Ces noms s’ajoutent à la longue liste des présidents d’associations de maires qui ont, à un moment ou à un autre, cédé à la tentation d’entrer dans un gouvernement depuis l’élection d’Emmanuel Macron, d’Olivier Dussopt (APVF) à Caroline Cayeux (Villes de France) en passant par Gil Averous (Villes de France).
La « société civile »
Enfin, huit ministres sont issus de ce qu’il est convenu d’appeler la « société civile », même si la frontière entre société civile et monde politique est parfois assez floue. Laurent Nuñez, nouveau ministre de l’Intérieur, fait-il partie de l’une de ces catégories ou de l’autre ? S’il est certes préfet de police de Paris et ancien directeur général de la Sécurité intérieure, donc haut fonctionnaire, il a également déjà été deux ans au gouvernement, en 2018, sous Édouard Philippe, et a sa carte à Renaissance depuis 2019.
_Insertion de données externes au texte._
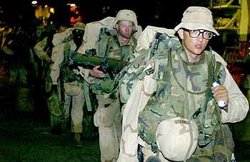 米カリフォルニア基地から選ばれ上陸演習に投入された第11海兵隊派遣部隊の隊員たちが、9日、クウェートに到着した輸送船デンバー号から降りている。今回の演習は、イラクに対する国際社会の武装解除圧力が高まっているなかで行われ注目を集めている。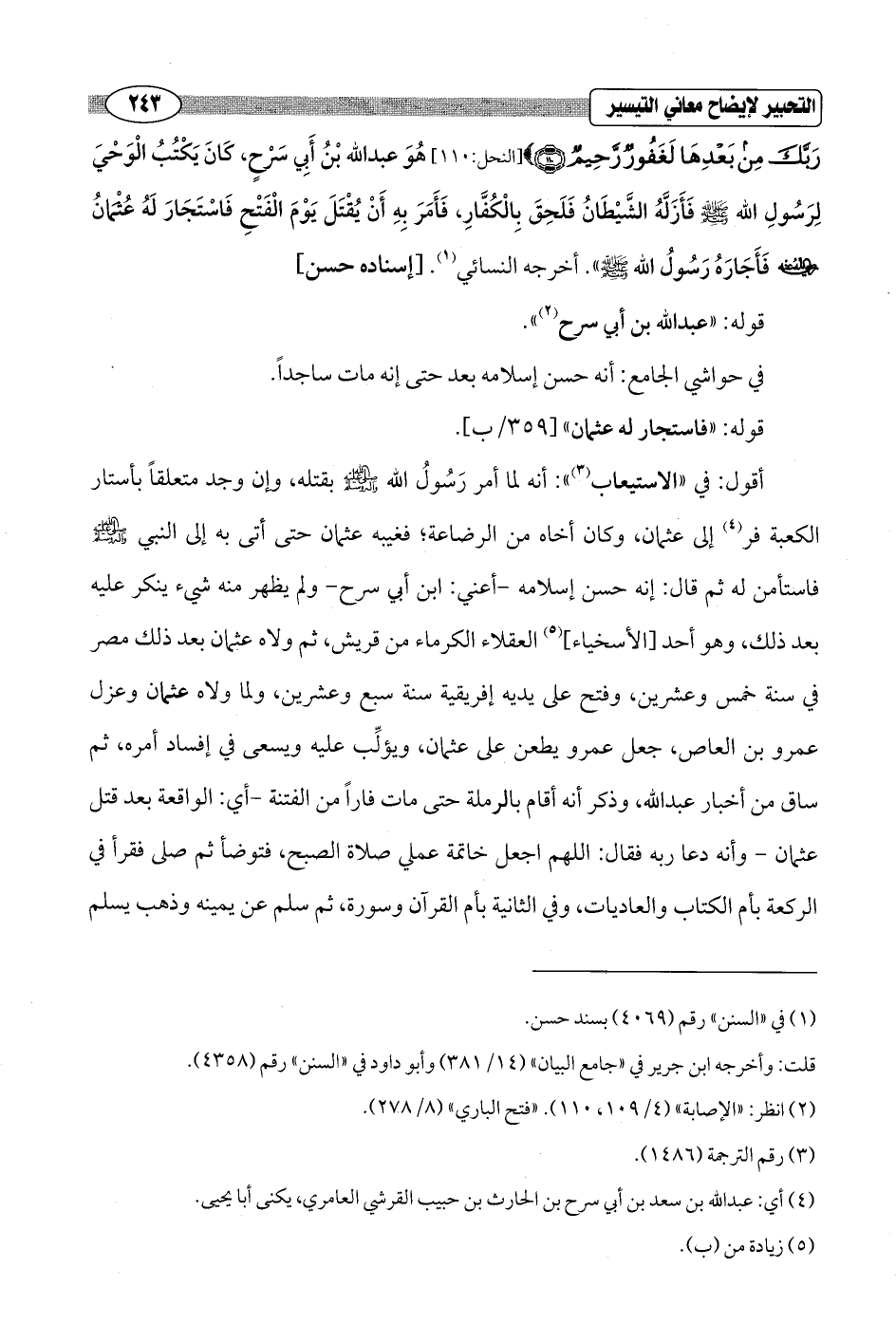 رَبَّكَ مِنْ بَعْدِهَا لَغَفُورٌ رَحِيمٌ (110)} [النحل: 110] هُوَ عبد الله بْنُ أَبِي سَرْحٍ، كانَ يَكْتُبُ الْوَحْيَ لِرَسُولِ الله - صلى الله عليه وسلم - فَأَزَلَّهُ الشَّيْطَانُ فَلَحِقَ بِالْكُفَّارِ، فَأَمَرَ بِهِ أَنْ يُقْتَلَ يَوْمَ الْفَتْحِ فَاسْتَجَارَ لَهُ عُثْمَانُ - رضي الله عنه - فَأَجَارَهُ رَسُولُ الله - صلى الله عليه وسلم -". أخرجه النسائي (¬1). [إسناده حسن]
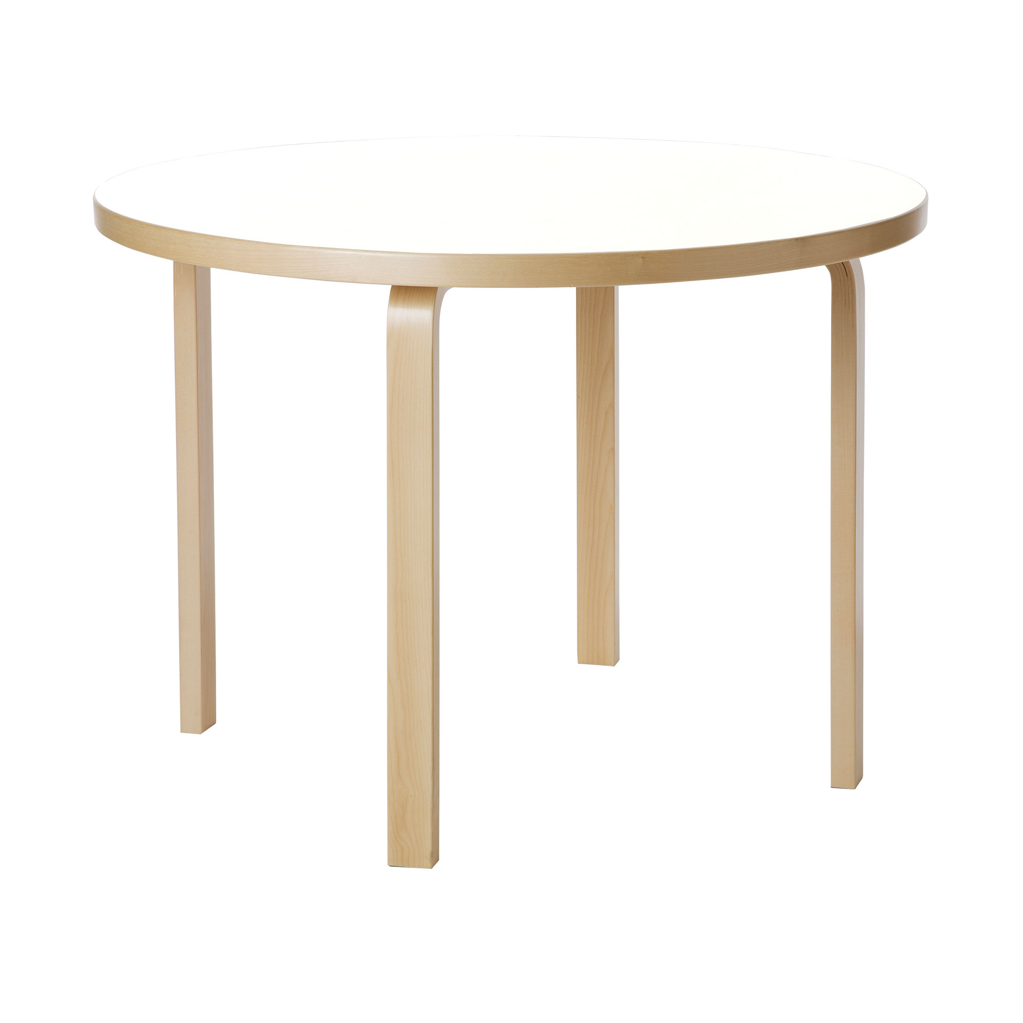 Bord 90A från Artek, formgivet av Alvar Aalto 1935. Ett nätt men ändå rymligt matbord med ben i formpressad björk och 4 cm tjock bordsskiva i tre olika utföranden – vit laminat, svart linoleum eller björkfanerad.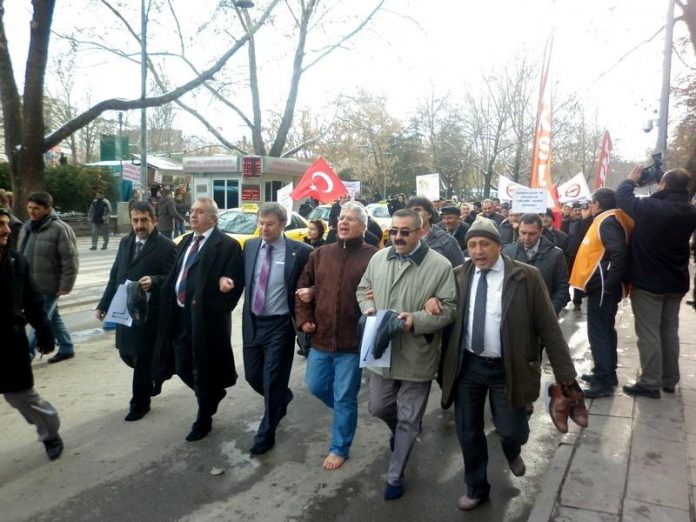 Adalet Bakanlığı önünde toplanan Büro Hak-Sen üyesi yargı çalışanları, ayakkabılarını çıkararak altına “Adalet yaya kaldı” yazdılar. “Yargıda adalet, adalette sefalet”, “Fazla çalışma hakkımız, söke söke alırız” sloganları atan grup adına Haksen ve Büro Hak-Sen Genel Başkanı Ayhan Çivi bir açıklama yaptı.

Même chose pour le nouveau ministre de l’Éducation nationale, Édouard Geffray, ancien directeur général de l’enseignement scolaire (comme l’était Jean-Michel Blanquer au moment de sa nomination)… mais qui fut également directeur de cabinet de François Bayrou lors de son bref passage au ministère de la Justice en 2017. Ou encore Alice Rufo (ministre déléguée auprès de Catherine Vautrin, aux Armées), certes haute fonctionnaire au ministère des Affaires étrangères mais surtout conseillère diplomatique du président Macron dès 2017.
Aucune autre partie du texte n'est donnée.